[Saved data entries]

-- -- --

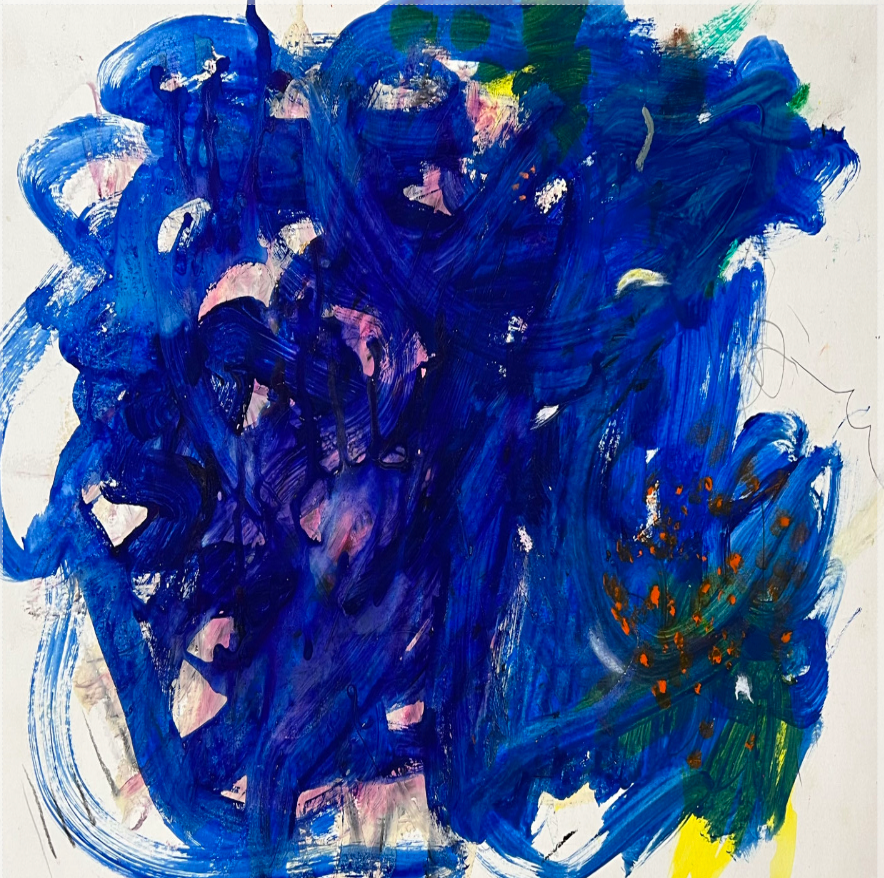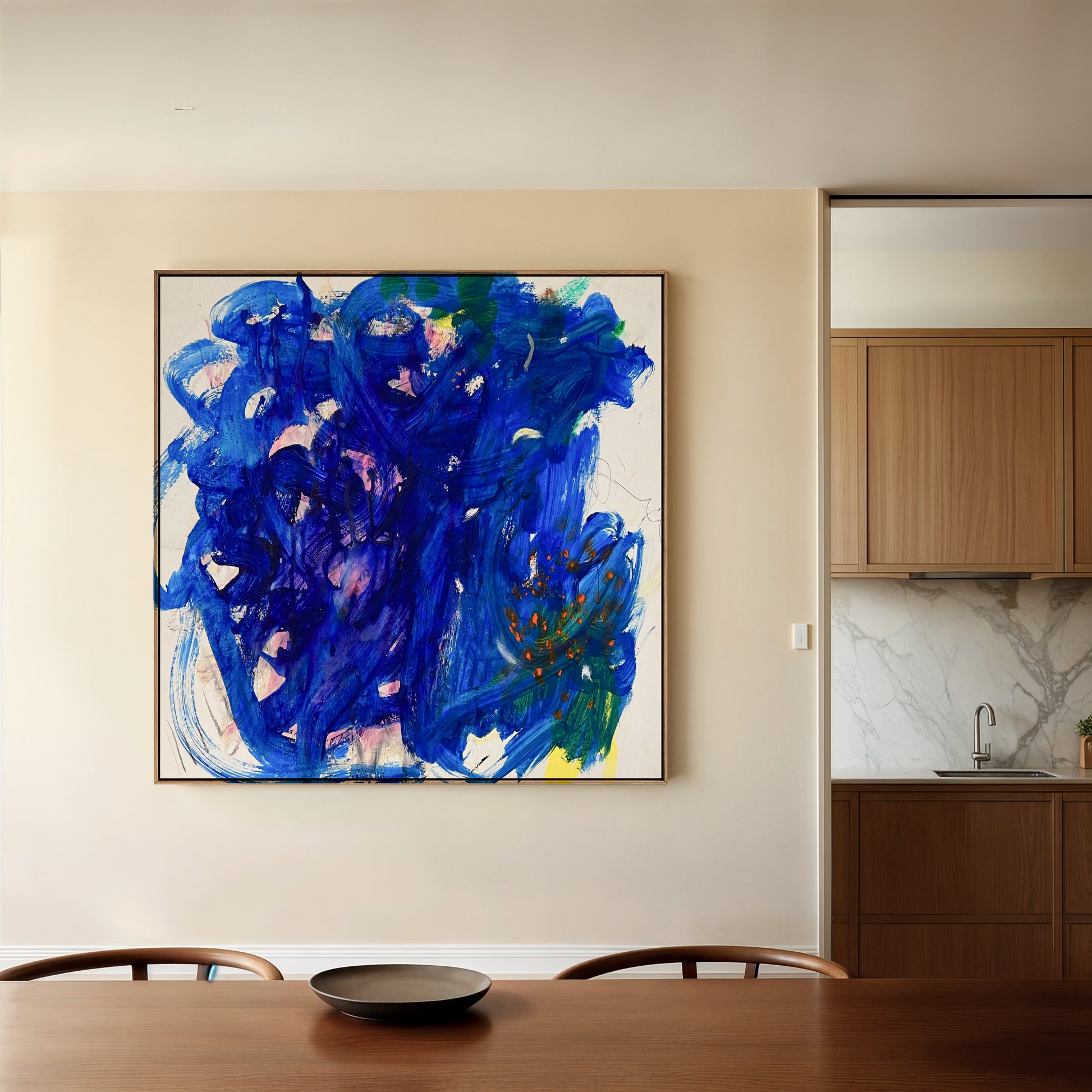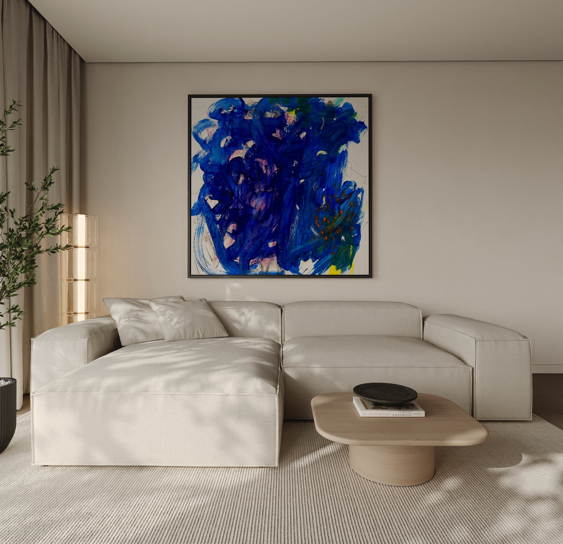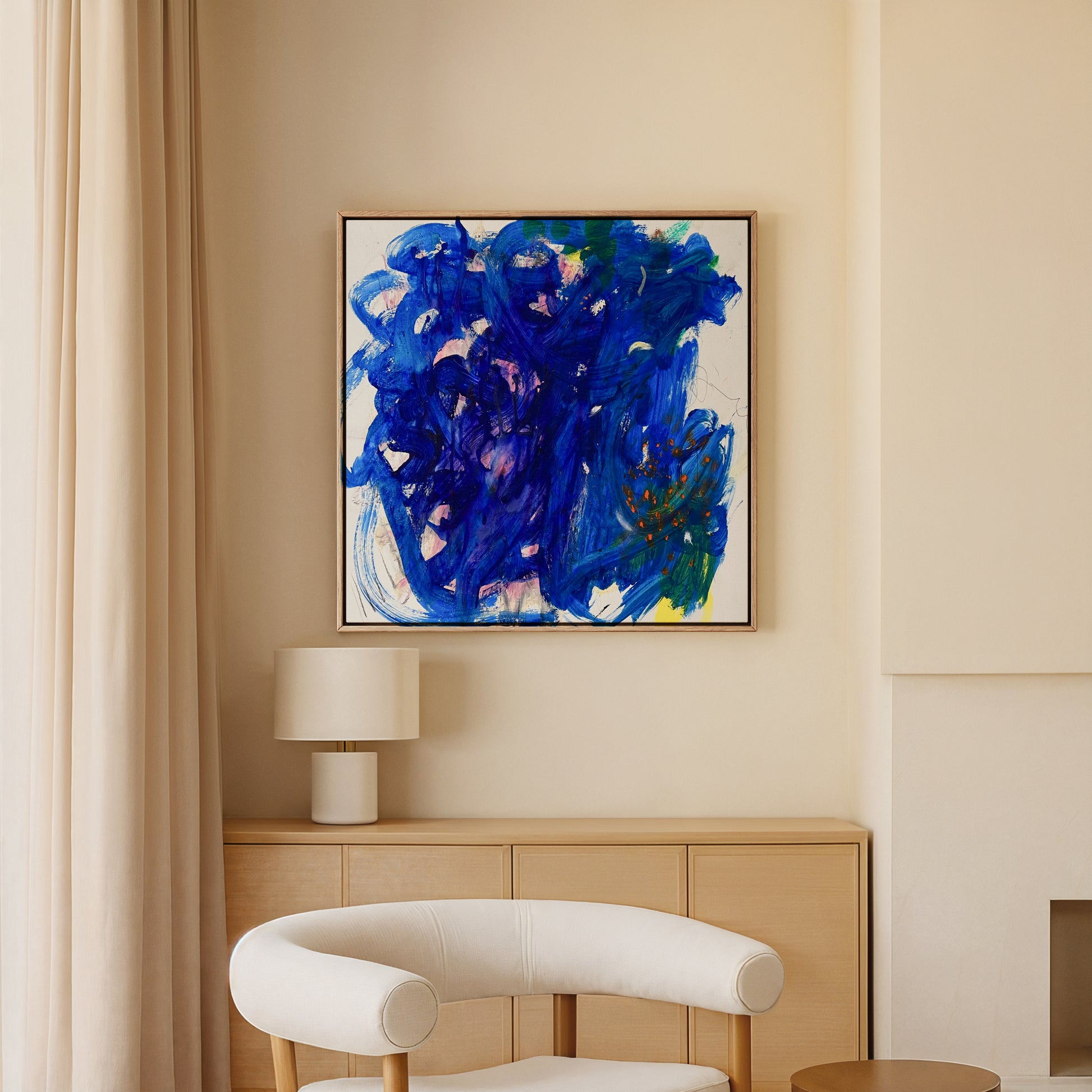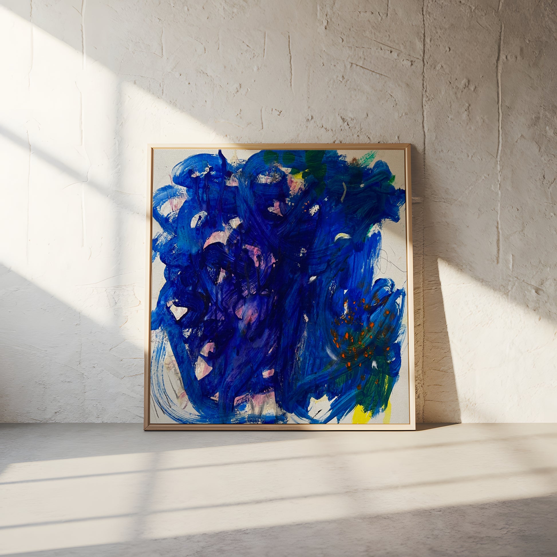A dense, swirling storm of cobalt and midnight, fractured by glimpses of light. This is the color of ancient royalty, sacred relics, and the weight of the cosmos—pressed into movement, wild yet deliberate, like a celestial force bursting into form.
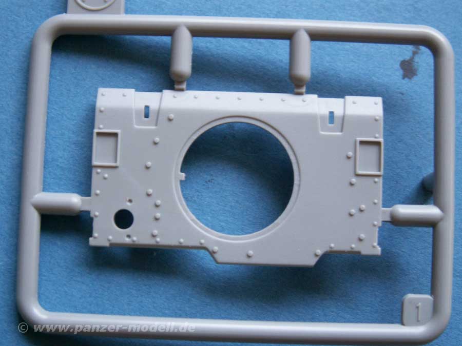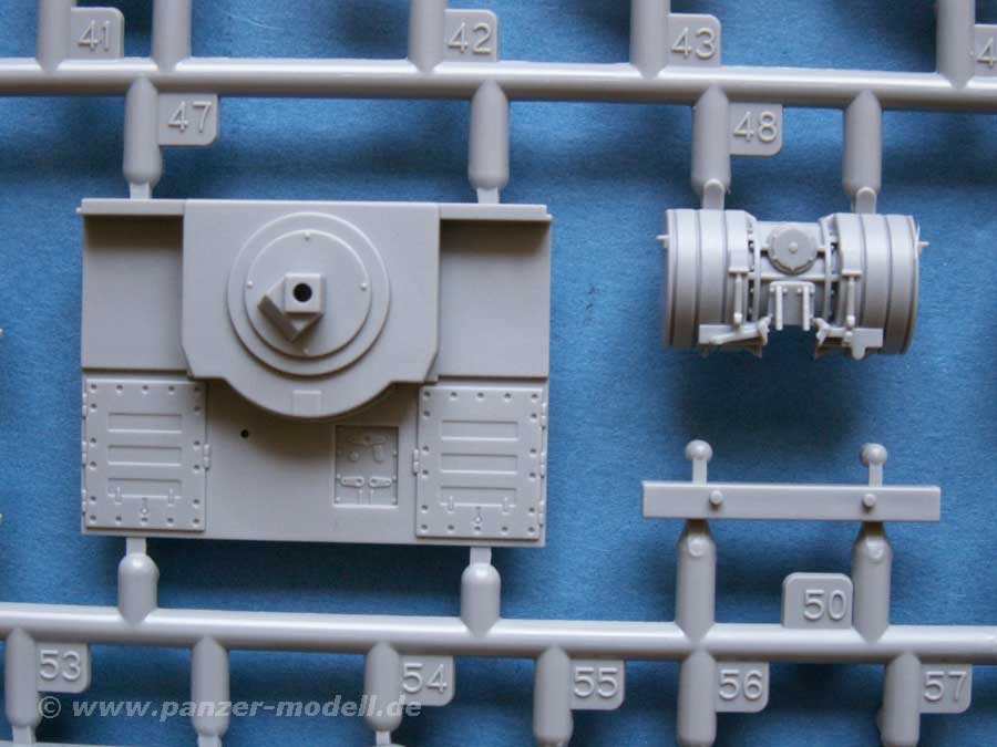 Die Teile an den Spritzlingen machen einen sehr guten Eindruck, die Einzelgliedketten ebenso, die man ja schon vom Aufklärungspanzer 38(t) kennt. Die Details sind exzellent und fein dargestellt. Die Unterwanne ist schön in einem Stück gemacht und ohne Verzug. Desweiteren ist die bereits erhältliche und bekannte 7,5cm PaK enthalten und eine komplette Innenausstattung der Wanne. Allerdings fhlen Instrumente und Pedale für den Fahrer, was aber nicht so dramatisch ist. Besonders gut wirken das Getriebe und der Antrieb - die Details sind wirklich fein und perfekt. Dafür weist die Motorraumtrennwand ein paar Details auf, die für diesen Marder nicht ganz korrekt sind - sehen tut man es vermutlich im fertigen Modell kaum.
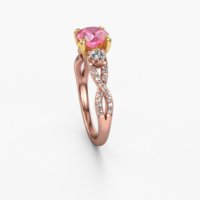 This 14 Carat rose gold ring is called Marilou RND and is set with 6.5 mm pink sapphire. This exclusive rose gold 3-stone engagement ring is a true work of art! The ornaments are crafted with a lot of patience and great passion. In order to create this ring with great precision, this craft requires a keen eye and skilful hand. A challenge which ignites a fire in our expert goldsmith. The exquisite pink sapphire are set in a special way so they stand out even more. This gives the ring an even more glamorous appearance. The split band engagement ring is actually unique on its own because of the gemstones which we carefully select especially for this ring. On top of that you select the precious metals which will be used to create a unique ring for the most extraordinary woman in your life! This jewel is made just for you, with attention to detail and design.Are you on a budget? Please feel free to contact us, so we can go discuss your options. We offer our engagement rings at guaranteed best price, because we make them to order. You won't find such a price anywhere else!Have you found a specific engagement ring somewhere which you would like to give to your loved one? Please feel free to express your wishes to our jewel designers because we would be honoured to turn your design into a fantasy engagement ring. You can follow the development of your ring design because we use 3D drawings. This gives you a realistic preview of how your design will look. You can also preorder a dummy. A dummy is a plastic ring, which can be shaped according your ring design. You can try it on and check if its width and size are suitable for you. We will gladly send you a non-binding offer, based on a fair price/ quality ratio. It will amaze you, considering the quality of the ring and gemstones.To make it easier for you, we offer a 30 day return policy. Check our terms and conditions.
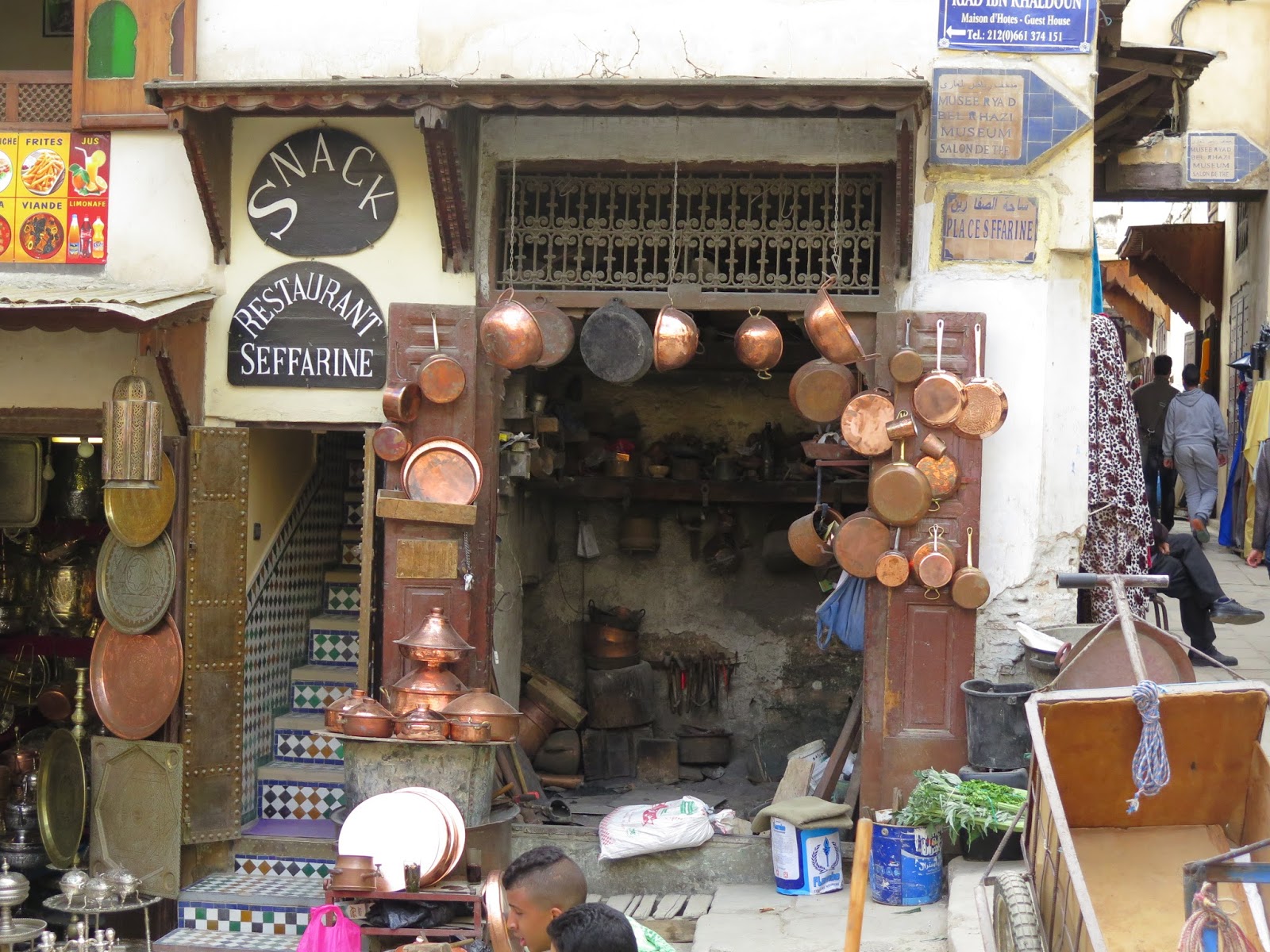 Esta zona no se visita necesariamente en este orden y menos aún nosotros que siempre hacemos una parte del revés. Encontramos una señora gorda que se ofreció a llevarnos a las tenerías. Por lo general, en Marruecos no hay que fiarse de los “bondadosos acompañantes”, en el caso de las mujeres suele ser diferente y aquí en Fez más, porque de cerrarse de manera exitosa una buena compra, la mujer se llevaría una buena comisión y conocíamos que éste era el único interés que la guiaba.
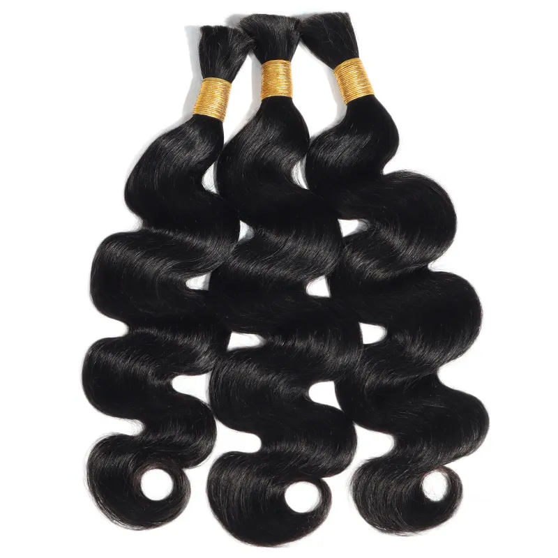 Body Wave Bulk Human Hair Extensions for Boho Knotless Braiding 1/2/3 Bundles Black Color
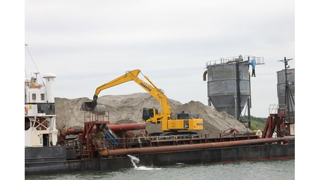 Den specialbygget gravemaskine bruger sin 13 meters rækkevidde til at sænke grabskovlen ned i lasten på skibene, fylde den og løfte materialerne til sigteanlægget på kajen.
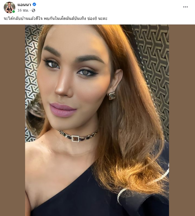 ล่าสุด แอนนา มีความเคลื่อนไหวอีกครั้ง โดย โพสต์ข้อความว่า “จะได้กลับบ้านแล้วดีใจ พบกันในเผ็ดมันส์บันเทิง ช่อง8 นะคะ”
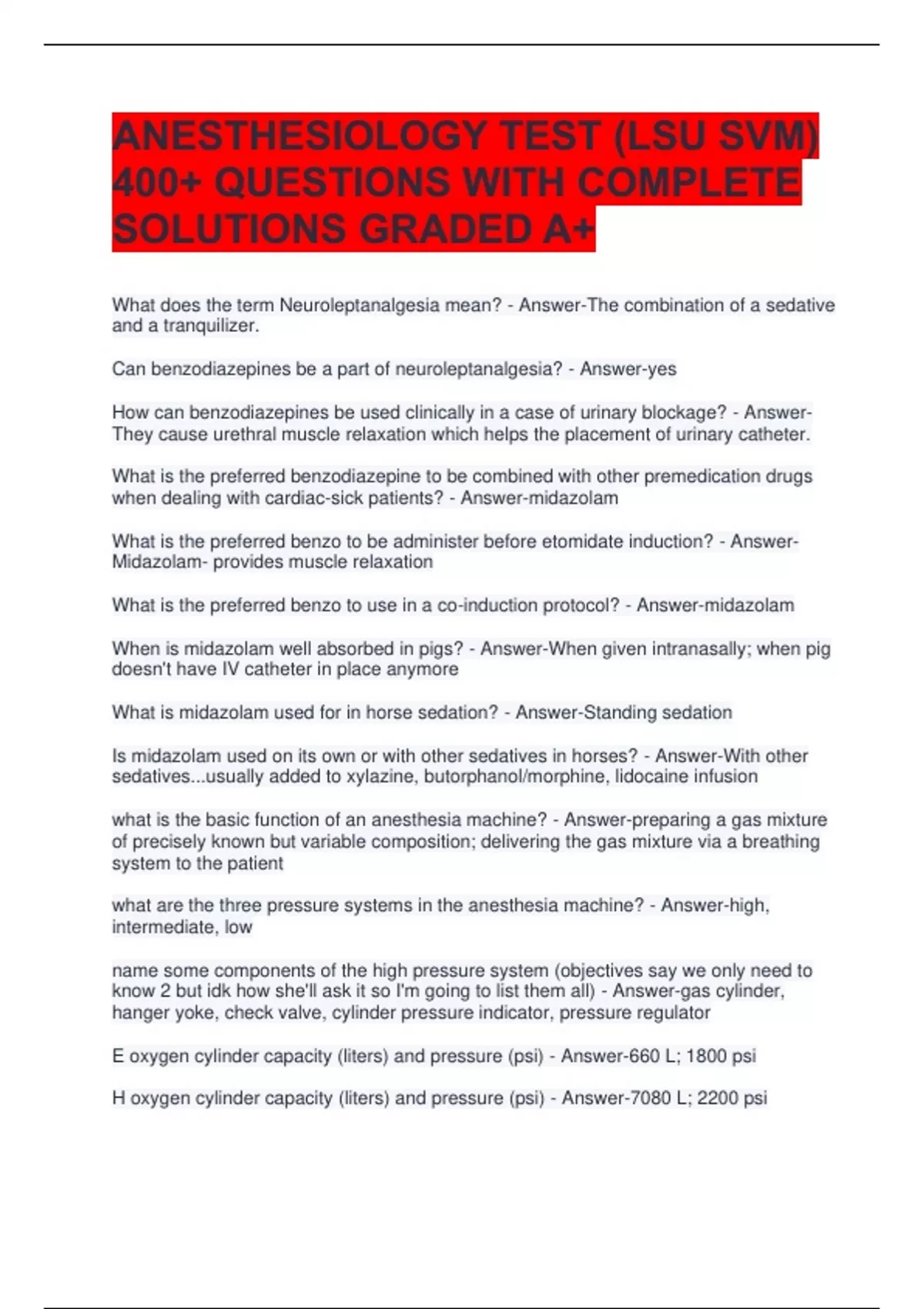 ANESTHESIOLOGY TEST (LSU SVM) 400+ QUESTIONS WITH COMPLETE SOLUTIONS GRADED A+

-- -- --

▶ [Required action]: Within the entries above, give again exactly the lines starting at the one that contains "Den specialbygget gravemaskine" and ending at the one that contains "ล่าสุด แอนนา มีความเคลื่อนไหวอีกครั้ง", leaving out the pictures.

▶ [Final answer]:
 Den specialbygget gravemaskine bruger sin 13 meters rækkevidde til at sænke grabskovlen ned i lasten på skibene, fylde den og løfte materialerne til sigteanlægget på kajen.
 ล่าสุด แอนนา มีความเคลื่อนไหวอีกครั้ง โดย โพสต์ข้อความว่า “จะได้กลับบ้านแล้วดีใจ พบกันในเผ็ดมันส์บันเทิง ช่อง8 นะคะ”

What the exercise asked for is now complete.